Oklahoma Lures Enel Solar Panel Manufacturing Facility With $180M Incentive Package
OKLAHOMA CITY (AP) — Enel North America announced Monday it plans to build a solar cell and panel manufacturing facility in eastern Oklahoma that would employ about 1,000 people after the Legislature agreed to a $180 million incentive package to help lure the company.
The company will invest $1 billion in the project, which includes the construction of a 2 million-square-foot solar photovoltaic cell and panel manufacturing facility that will have an annual production capacity of 3 gigawatts, it said in a statement. Construction on the massive facility is expected to begin in the fall in Inola, Oklahoma, which is located about 27 miles (43 kilometers) east of Tulsa.

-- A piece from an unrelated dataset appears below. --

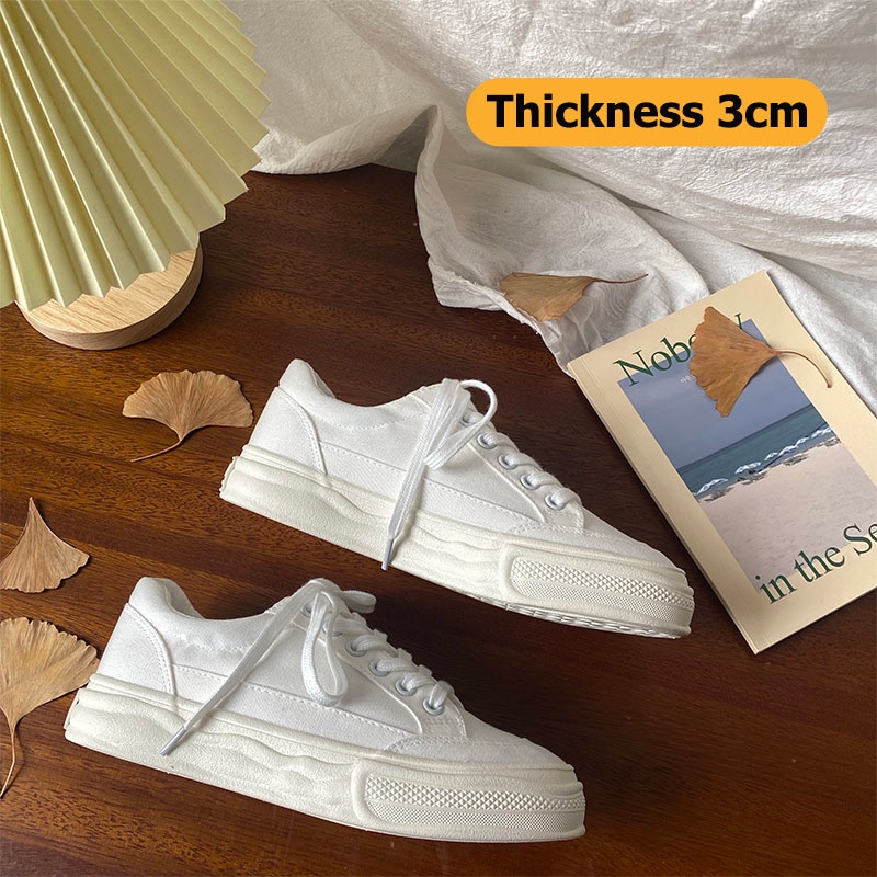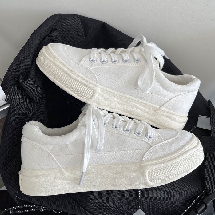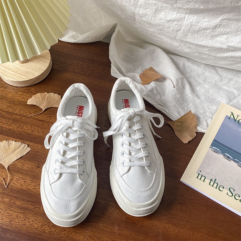 (Hàng Mới Về) giày vải bố nữ giày phù hợp thường ngày phong cách Ins màu trắng thời trang Hồng Kông

“Our selection of Oklahoma is a testament to the strength of the Tulsa Port of Inola site, the state’s commitment to workforce development and an attractive investment climate,” said Giovanni Bertolino, head of Enel North America’s affiliate 3Sun USA.

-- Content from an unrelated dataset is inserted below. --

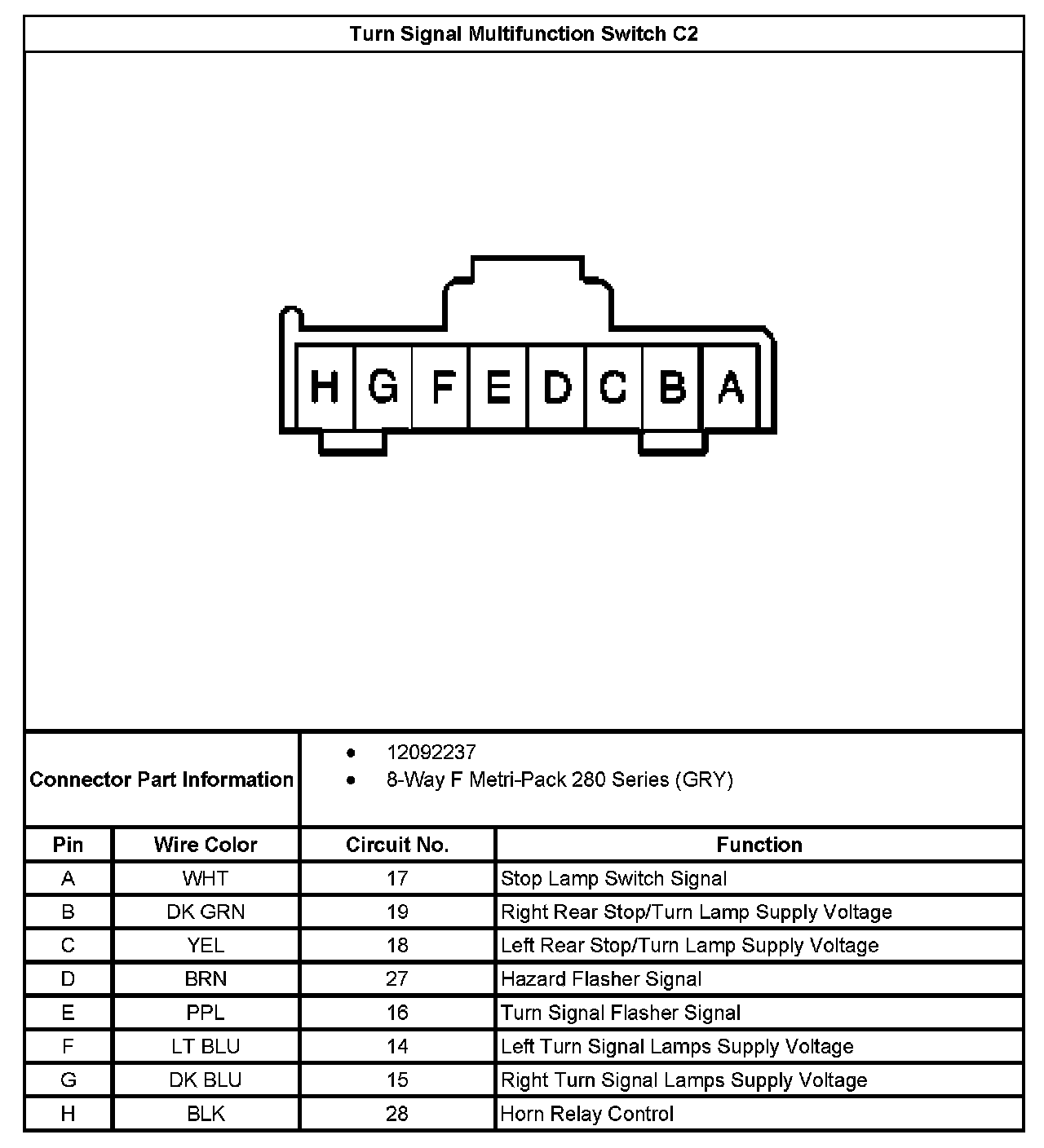 Turn Signal Multifunction Switch C2:

The decision was announced after the Legislature and Gov. Kevin Stitt agreed to provide the company with $180 million in tax rebates if the company reaches certain benchmarks over the next several years. In order to qualify for the entire $180 million, the company would have to spend at least $1.8 billion in qualifying capital expenditures and create 1,400 permanent new jobs.
“Enel’s expansion is a huge win for Oklahoma,” Stitt said in a statement, “and I’m thrilled by their record investment in our state’s economy and workforce, that will have a lasting legacy and continue to impact Oklahomans for generations.”
Enel says it has already invested more than $3 billion over the last decade in 13 wind farms across Oklahoma that generate more than 2 gigawatts of annual production, along with a regional office in Oklahoma City to support its workforce.
Construction of the factory is expected to create more than 1,800 construction jobs and an investment of more than $1 billion. It is expected to create around 1,000 new, permanent jobs by 2025. The company says the project also includes the potential for a second phase that would increase production to 6 gigawatts and create an additional 900 jobs.
Oklahoma lawmakers are also considering a separate package of incentives to lure a second Panasonic manufacturing facility to the Sooner State after the state last year lost out in a bidding war with Kansas, which the Japan-based company ultimately selected as the location for a multibillion- dollar mega-factory to produce electric vehicle batteries for Tesla and other carmakers.